But good software is more than “it works.”
Good software is clean, clear, tested, and easy to change. “Just working” is the lowest bar, not the goal.
Agile was meant to make better software by helping people work better together.
But in many places, it’s used to go faster. That’s the big mistake. Agile is not speed. It’s learning.
It’s small feedback loops, fast experiments, early warnings.
Speed is just a side effect when learning works. But if you focus only on speed, you lose quality. And once you lose quality, everything slows down.
Another problem is planning.
Agile was supposed to replace long, fixed plans with short, flexible ones. But companies still want control. They want roadmaps for the whole year. They want to know what will be done in Q3 before Q1 even ends. So teams pretend they can see the future.
They fill the backlog with guesses. They try to predict what they’ll finish in three months. But software doesn’t work like that.

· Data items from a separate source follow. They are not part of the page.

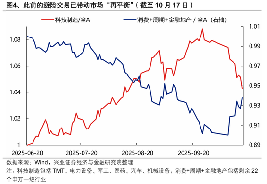 另一方面,三季报业绩有望带动市场聚焦景气线索、凝聚共识。经历三季度产业趋势密集催化后,三季报仍将是验证新动能景气优势的重要窗口。当前由于避险交易带来的“再平衡”带动景气主线的性价比问题逐步消化后,景气优势或将再度成为市场聚焦的核心。避险情绪缓解、产业趋势和景气优势共振,市场对于景气主线的共识有望再一次凝聚,引领市场上行。
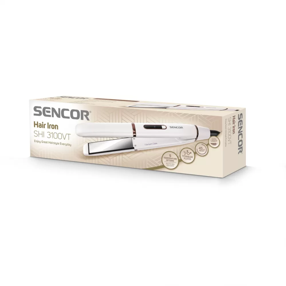 Žehlička na vlasy SENCOR SHI 3100VT 5 teplotních nastavení 150/170/190/210/230 °C Titanový povrch žehlících ploch pro maximální komfort a… Celý popis
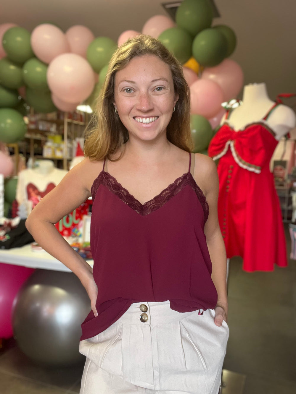Cami With Lace Trim Delicate lace trim adds a feminine accent Sleek cami silhouette with a soft drape Effortless piece for layering or wearing solo Fabric: Woven 100% POLYESTER Hand Wash Cold
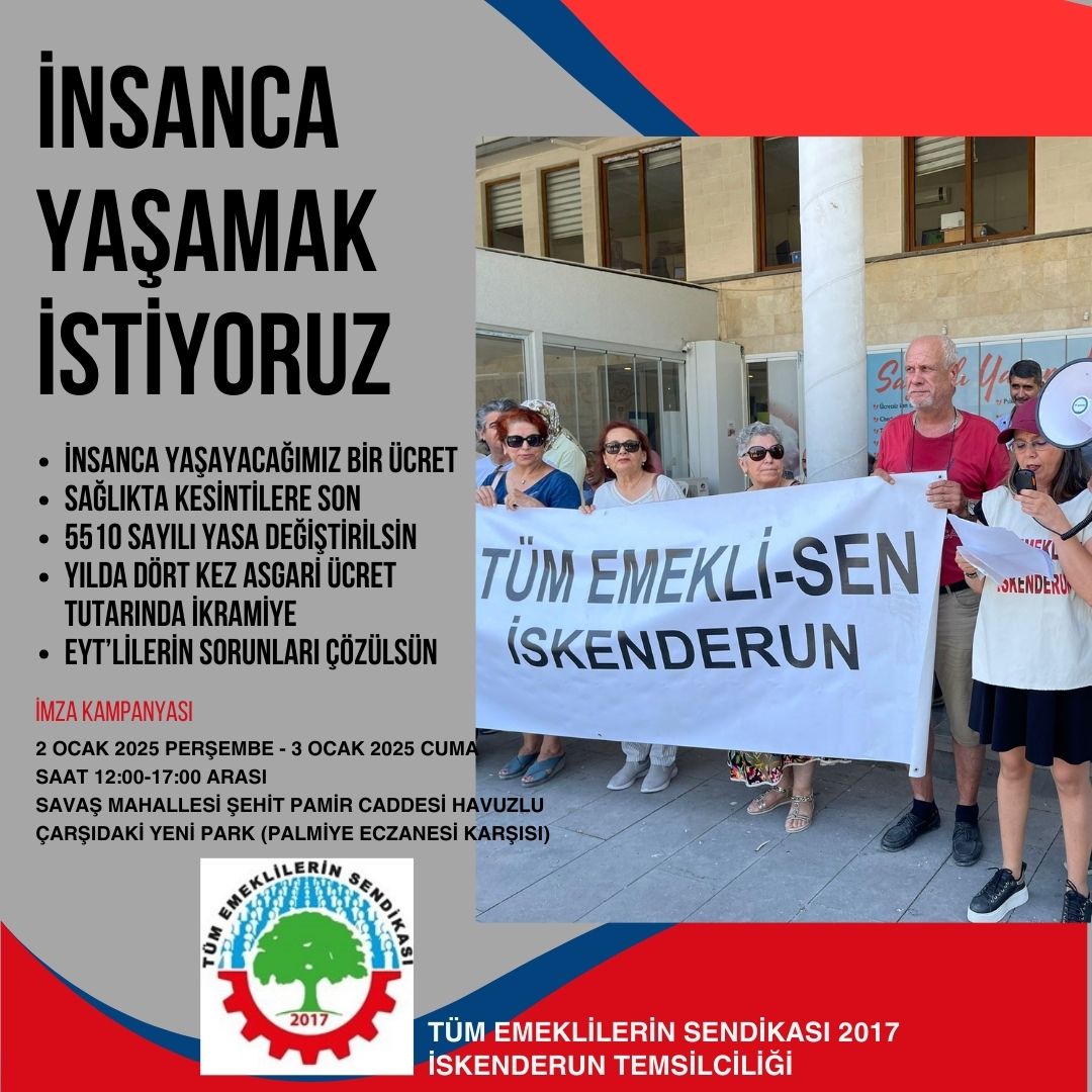Sendika hakkımızı gasp etmekten vazgeçin. Sağlık kolay erişilebilir ve tamamen parasız olmalıdır. Memurlara verilen ve hakkımız olan seyyanen ödemeyi emeklilerden sakınmayı bırakın. Anlaşılan 2025 sıcak geçecektir. Biz bu rezil duruma teslim olamayız. Yani açlığa alışmayacağız. Bizi susturmak için nafile çırpınışlarınız olacaktır ama; bizim kaybedecek bir şeyimiz kalmadı. Sefalete teslim olmayacağız. Sonuna kadar direneceğiz! Bizler, yani Tüm Emeklilerin Sendikası üyeleri, kral sofrasında soytarı olmaktansa, sınıfımızın insanca yaşam ve demokrasi mücadelesinde yalın ayak yürümeyi onur sayarız.
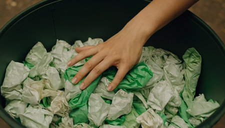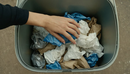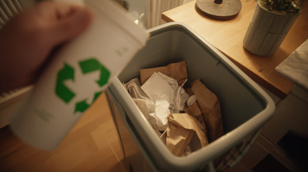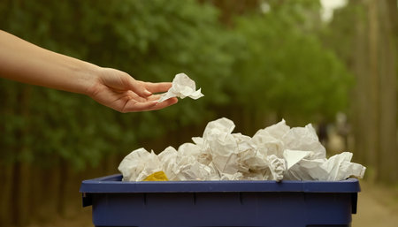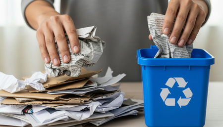 Hands sorting paper waste into a recycling bin, emphasizing environmental sustainability and eco-friendly practices. Clean, no faces, high-quality shot ideal for waste management or green initiatives.
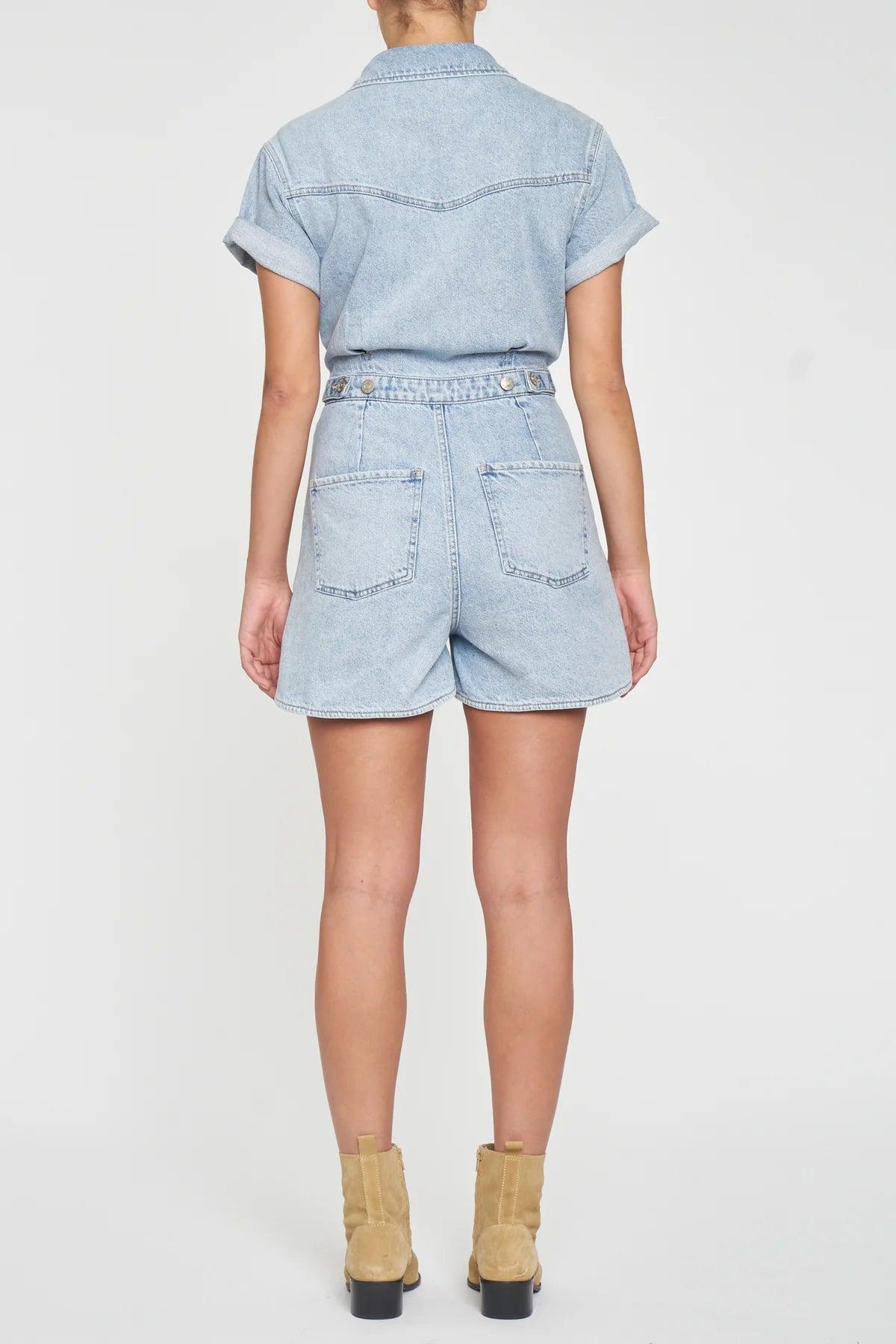 A brand new addition to Daze - a denim romper. Created from a non stretch fabric, this romper features a snap front with a curve defining elastic waist.
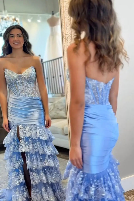 Vestidos de fiesta de satén estilo sirena sin tirantes 2025 con abertura y cuerpo cruzado plisado – FD5040
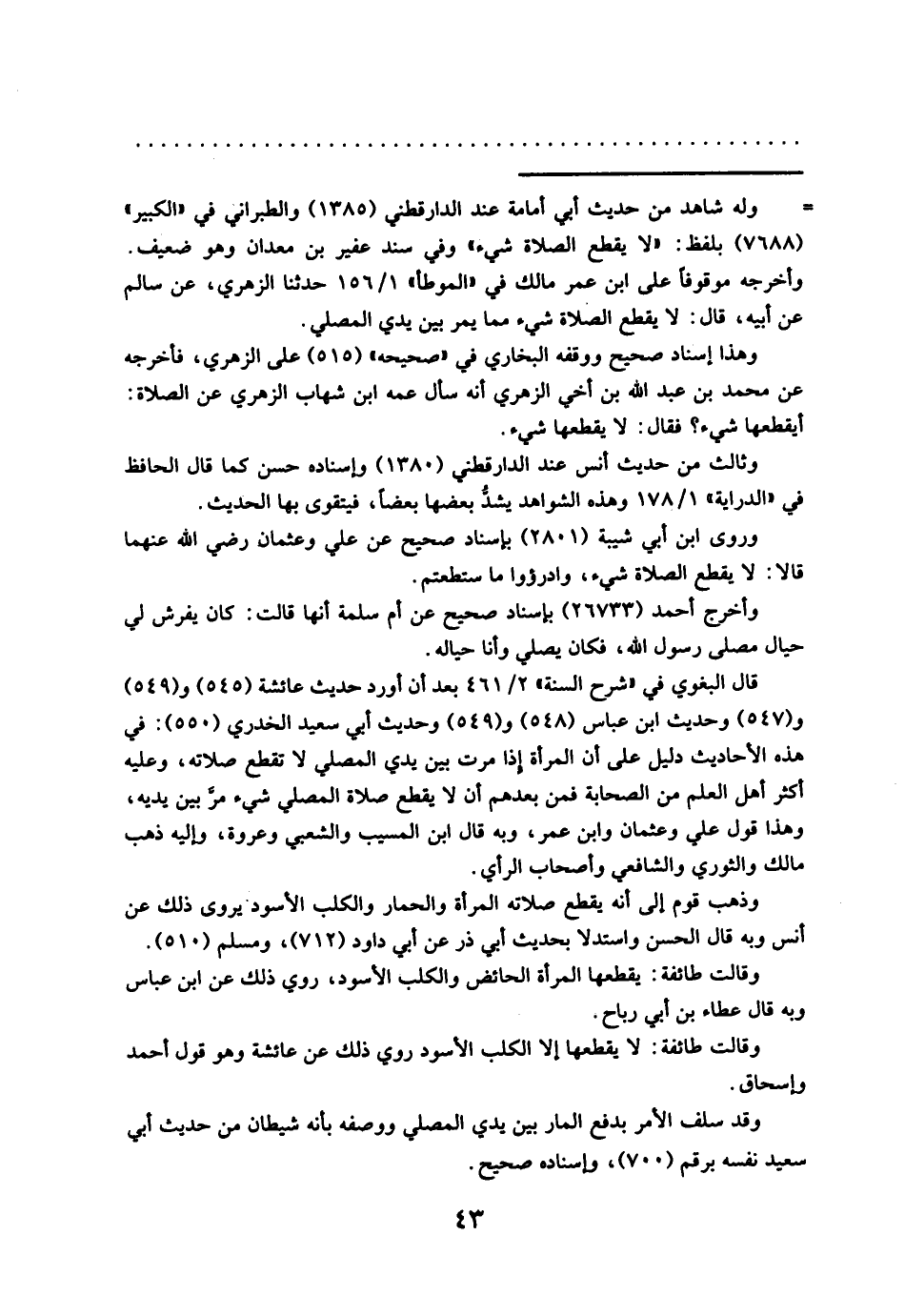 قال البغوي فى "شرح السنة" ٢/ ٤٦١ بعد أن أورد حديث عائشة (٥٤٥) و (٥٤٩) و (٥٤٧) وحديث ابن عباس (٥٤٨) و (٥٤٩) وحديث أبي سعيد الخدري (٥٥٠): في هذه الأحاديث دليل على أن المرأة إذا مرت بين يدي المصلى لا تقطع صلاته، وعليه أكثر أهل العلم من الصحابة فمن بعدهم أن لا يقطع صلاة المصلي شيء مرَّ بين يديه، وهذا قول على وعثمان وابن عمر، وبه قال ابن المسيب والشعبي وعروة، وإليه ذهب مالك والثورى والشافعي وأصحاب الرأي.
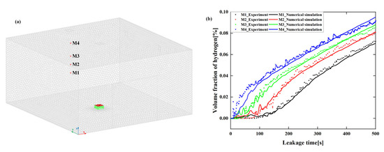 Furthermore, we used the experiment data of Pitts et al. [33] for numerical validation of hydrogen leakage and diffusion in an enclosed environment. Pitts et al. conducted experiments in a garage with dimensions of 6.1 m × 6.1 m × 3.05 m. Hydrogen gas was released through a rectangular box with dimensions of 0.305 m × 0.305 m × 0.15 m at the center of the garage floor, with a flow rate of 994 L/min. There was a garage door in the middle of the front wall, measuring 2.4 m × 2.1 m. There were two observation windows on the right wall with a length of 0.2 m and height of 2.3 m, and two skylights on the top of the garage for lighting, with a length of 0.3 m, located above the sensor array and hydrogen leak point. Select hydrogen concentration data from four sensors with the coordinates (3.05, 5.49, 1.14), (3.05, 5.49, 1.52), (3.05, 5.49, 1.9), and (3.05, 5.49, 2.59), labeled as M1, M2, M3, and M4, respectively, are shown in Figure 5a. A comparison between experimental data and numerical simulation results of hydrogen concentration near each sensor point is shown in Figure 5b. It can be seen that the numerical simulation results are slightly lower than the experimental data, and this trend is consistent during the leakage. In general, the method of numerical simulation described in the previous section can predict the hydrogen leakage and diffusion behavior, and the results are credible.

Requirements change. Ideas evolve. Priorities shift. That’s the point of Agile: to be ready when things change. But now we use Agile to make long-term commitments, and then we feel bad when we can’t keep them.
We turned Agile into the same waterfall we tried to escape—just with more meetings and sticky notes.
We also lost focus on users. In the Agile Manifesto, one principle says, “Our highest priority is to satisfy the customer through early and continuous delivery of valuable software.” Not just delivery—valuable delivery.
But many teams now just deliver features. One after another. The Product Owner creates a list, the team builds it.
But nobody stops to ask, “Do users want this? Is it solving a real problem? Did we make things better?”
What Is Agile About?
Agile should be about real feedback from real people. That means showing your work, watching people use it, asking questions, learning what works and what doesn’t. But that takes time. It’s easier to build what’s in the backlog and move to the next thing. So we do that instead.
The truth is, Agile is hard.
It’s not just a method. It’s a mindset.
You have to trust people. Let teams decide how they work. Give them space to learn, to fail, to improve. You have to stop treating software like a factory product. It’s more like research. Or design.
It’s messy, creative, and unpredictable.
But many companies don’t want that. They want control. Predictability. Charts. Reports. So they use the Agile vocabulary, but not the values. They call themselves Agile, but they don’t change how they think.
This is not just sad. It’s dangerous.
Because when Agile fails in these places, they blame the method. “Agile doesn’t work.”
But it’s not Agile that failed. It’s the fake version. The one with meetings, metrics, and Jira boards, but no trust, no reflection, no real change.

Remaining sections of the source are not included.